Chief Deputy Attorney General of Florida
- In office 1997 – November 5, 2002

Personal details
- Born: Richard Edward Doran December 26, 1956 (age 69) Warren, Ohio, U.S.
- Alma mater: Bethany College (BA) Stetson University (JD)

= Richard E. Doran =

American politician in Florida (born 1956)

Richard Edward Doran (born December 26, 1956) is an American attorney from Tallahassee, Florida. He served as the 34th Attorney General of Florida from November 5, 2002, to January 3, 2003.

==Early career==
Doran received his B.A. from Bethany College (West Virginia) in 1978 and his J.D. from Stetson University College of Law in 1981.

From 1995 to 1997, he served as General Counsel, Florida Department of Health and Rehabilitative Services. Doran was Chief Deputy Attorney General of the State of Florida, from 1997 to 2002, working under Attorney General of Florida Bob Butterworth.

==Post Attorney-General career==
Doran was appointed chairman, Second Circuit Judicial Nominating Commission 2006 - 2007 and again 2010 - 2011.
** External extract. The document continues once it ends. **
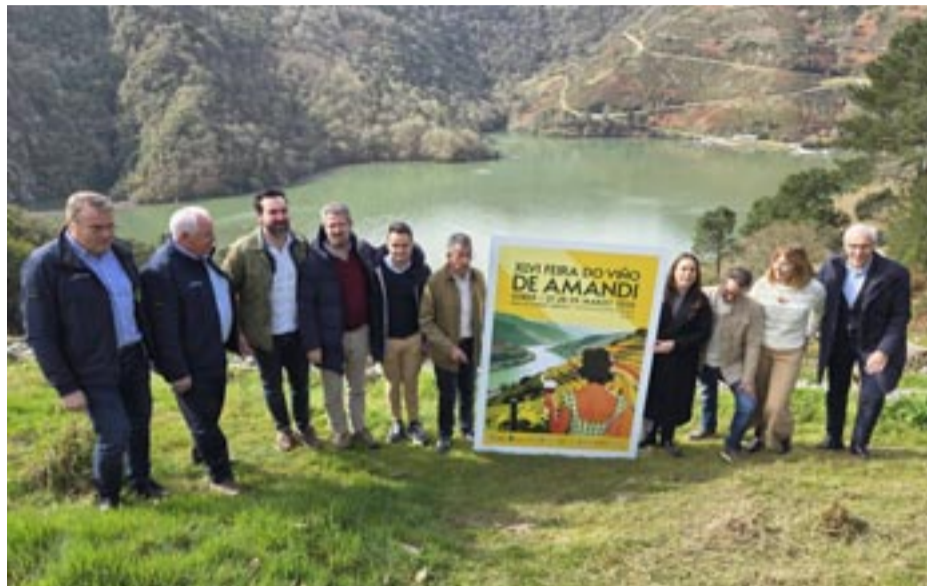
Presentación do cartaz no miradoiro do Xabrega.

Sábado 28, ás 11:00 horas, apertura de stands. Ás 11:30 horas, actuación dun
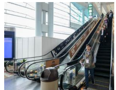
2. Escalator ad

He is currently a shareholder in the Tallahassee, Florida law firm of Ausley McMullen, where he specializes in the practice of state government regulation and civil litigation. He also advises clients on compliance with state level campaign, lobbying and ethics laws, on public records and open meetings laws and state procurement laws. He is counsel of record in over 200 reported appellate cases.

In 2015 Doran was awarded the Francis X. Bellotti award at the annual meeting of the National association of Attorneys General for his efforts on behalf of the Society of Attorneys General Emeritus (SAGE).

Doran is a founding Director of the Tallahassee-based think tank Project on Accountable Justice and currently serves as Chair of the executive committee.